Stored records
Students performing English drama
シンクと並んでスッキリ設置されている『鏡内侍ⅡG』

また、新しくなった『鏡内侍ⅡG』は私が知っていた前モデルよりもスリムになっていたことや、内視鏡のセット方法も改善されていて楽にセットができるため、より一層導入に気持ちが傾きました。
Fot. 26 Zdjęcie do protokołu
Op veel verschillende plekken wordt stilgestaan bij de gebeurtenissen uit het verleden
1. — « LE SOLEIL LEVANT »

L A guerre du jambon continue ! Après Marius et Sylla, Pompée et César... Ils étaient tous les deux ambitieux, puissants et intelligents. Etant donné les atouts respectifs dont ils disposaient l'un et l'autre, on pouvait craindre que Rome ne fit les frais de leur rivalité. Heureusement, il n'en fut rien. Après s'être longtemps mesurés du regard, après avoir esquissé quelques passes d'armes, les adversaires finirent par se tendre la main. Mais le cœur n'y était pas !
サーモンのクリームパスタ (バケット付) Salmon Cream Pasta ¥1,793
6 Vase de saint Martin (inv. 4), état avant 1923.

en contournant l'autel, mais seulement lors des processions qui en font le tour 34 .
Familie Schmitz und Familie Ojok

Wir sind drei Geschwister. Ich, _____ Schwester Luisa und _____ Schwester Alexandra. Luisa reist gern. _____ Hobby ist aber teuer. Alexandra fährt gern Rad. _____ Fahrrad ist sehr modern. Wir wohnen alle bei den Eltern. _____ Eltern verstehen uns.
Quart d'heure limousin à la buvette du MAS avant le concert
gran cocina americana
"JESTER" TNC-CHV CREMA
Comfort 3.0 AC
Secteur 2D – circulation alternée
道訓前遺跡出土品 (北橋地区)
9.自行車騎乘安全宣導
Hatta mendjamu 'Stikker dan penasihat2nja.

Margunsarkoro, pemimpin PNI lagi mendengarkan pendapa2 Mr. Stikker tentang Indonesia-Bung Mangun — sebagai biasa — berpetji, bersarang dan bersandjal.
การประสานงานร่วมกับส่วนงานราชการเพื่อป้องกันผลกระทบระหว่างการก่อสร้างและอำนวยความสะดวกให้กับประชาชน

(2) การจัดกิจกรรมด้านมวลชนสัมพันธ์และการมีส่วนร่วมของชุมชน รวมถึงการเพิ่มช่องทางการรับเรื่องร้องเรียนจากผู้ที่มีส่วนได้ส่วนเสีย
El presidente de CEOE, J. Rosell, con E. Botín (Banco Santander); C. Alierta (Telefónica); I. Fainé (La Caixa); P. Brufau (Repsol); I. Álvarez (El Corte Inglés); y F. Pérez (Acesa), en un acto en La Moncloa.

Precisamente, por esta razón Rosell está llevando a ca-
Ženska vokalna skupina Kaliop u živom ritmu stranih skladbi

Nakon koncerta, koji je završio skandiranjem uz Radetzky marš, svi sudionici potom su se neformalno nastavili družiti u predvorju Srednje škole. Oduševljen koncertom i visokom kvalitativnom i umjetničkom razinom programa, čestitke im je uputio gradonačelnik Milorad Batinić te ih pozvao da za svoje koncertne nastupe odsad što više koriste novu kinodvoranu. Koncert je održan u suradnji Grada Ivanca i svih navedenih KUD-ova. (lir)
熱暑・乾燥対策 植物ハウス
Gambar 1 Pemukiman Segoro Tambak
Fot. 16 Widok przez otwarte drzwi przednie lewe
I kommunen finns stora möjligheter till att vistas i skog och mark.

Exercise instructions:
Please, from the entries above, set down exactly the lines from the one containing "Fot. 26 Zdjęcie do protokołu" through the one containing "LE SOLEIL LEVANT", and only those.

Answer to this problem:
Fot. 26 Zdjęcie do protokołu
Op veel verschillende plekken wordt stilgestaan bij de gebeurtenissen uit het verleden
1. — « LE SOLEIL LEVANT »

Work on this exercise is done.